AI-generated Code Security Risks: Why Incidents Per Pull Request Have Increased by 23.5%

Your teams are shipping faster than ever. Pull request volume is up. Deployment frequency is climbing. On paper, AI-assisted development is working exactly as promised.

So why are your production systems getting less stable?

This is the problem most engineering leaders are facing right now. The AI tools that actually played a key role in increasing the output potential of individual developers are now quietly eroding the reliability of the system. This does not happen because of flaws in the tools but mainly because of the engineering systems around them that have not kept pace.

As more code is being written by developers, production systems are becoming unstable. Incidents per pull request have gone up by 23.5 percent. The failure rates on changes are on the rise with an increase in incidents after AI adoption.

This contradiction reveals what many engineering leaders are beginning to call the Productivity Paradox of AI-driven development: the same tools that increase coding velocity can also introduce instability at scale if the underlying engineering systems are not prepared to handle the surge.

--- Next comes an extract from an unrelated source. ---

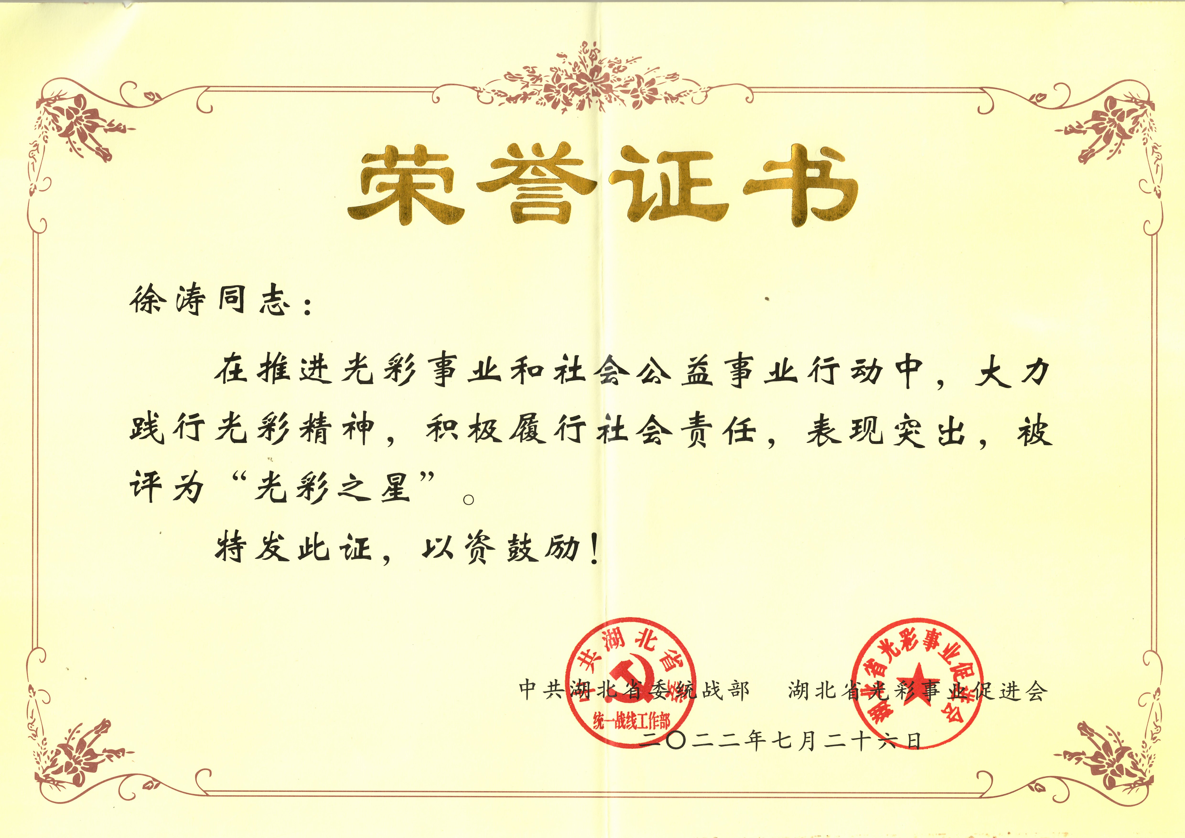 近日,由中共湖北省委統(tǒng)戰(zhàn)部、省光彩事業(yè)促進(jìn)會(huì)共同評(píng)選60名民營經(jīng)濟(jì)人士“光彩之星”表彰會(huì)在恩施召開。會(huì)議表彰了一批熱心公益事業(yè)、積極回報(bào)社會(huì)的優(yōu)秀非公有制經(jīng)濟(jì)人士,湖北大集建設(shè)集團(tuán)有限公司董事長(zhǎng)、武漢閱景匯投資發(fā)展有限公司董事長(zhǎng)徐濤榮獲全省“光彩之星”榮譽(yù)稱號(hào)!

The issue is not the AI itself. The issue is that most businesses optimize only the top of the funnel, i.e., the coding interface. They do not focus on strengthening the rest of the development pipeline. Your primary goal should be to minimize code quality issues that come up because of AI.

What Does the Benchmark Data Reveal About AI Adoption?

To understand what is happening, it helps to look beyond anecdotes and examine the broader metrics emerging across engineering businesses. The data collected between Q3 2024 and Q4 2025 reveals a clear divergence between development output and system reliability.

At first glance, these numbers might appear mixed. Developers are clearly producing more output, and pull requests are slightly more likely to be merged successfully. But when viewed together, the data tells a very different story.

Developers are writing and submitting more code, yet the rate at which changes fail in production has increased dramatically. The answer to the question of why AI pull requests cause more bugs lies in the even cycle time. This is the total time it takes for a change to move from idea to production, which has increased.

This is the central paradox of modern AI-driven engineering. Individual developers are becoming faster, but the overall system is becoming slower and more fragile.

Why Do AI Pull Requests Cause More Bugs Despite Higher PR Success Rates?

One of the most deceptive metrics in this shift is the small 2% increase in PR success rate.

For many engineering leaders, this number appears encouraging. It suggests that code is passing through review pipelines more smoothly and that developers are collaborating efficiently. However, the increase in PR success rate is often a false signal created by AI-assisted tooling.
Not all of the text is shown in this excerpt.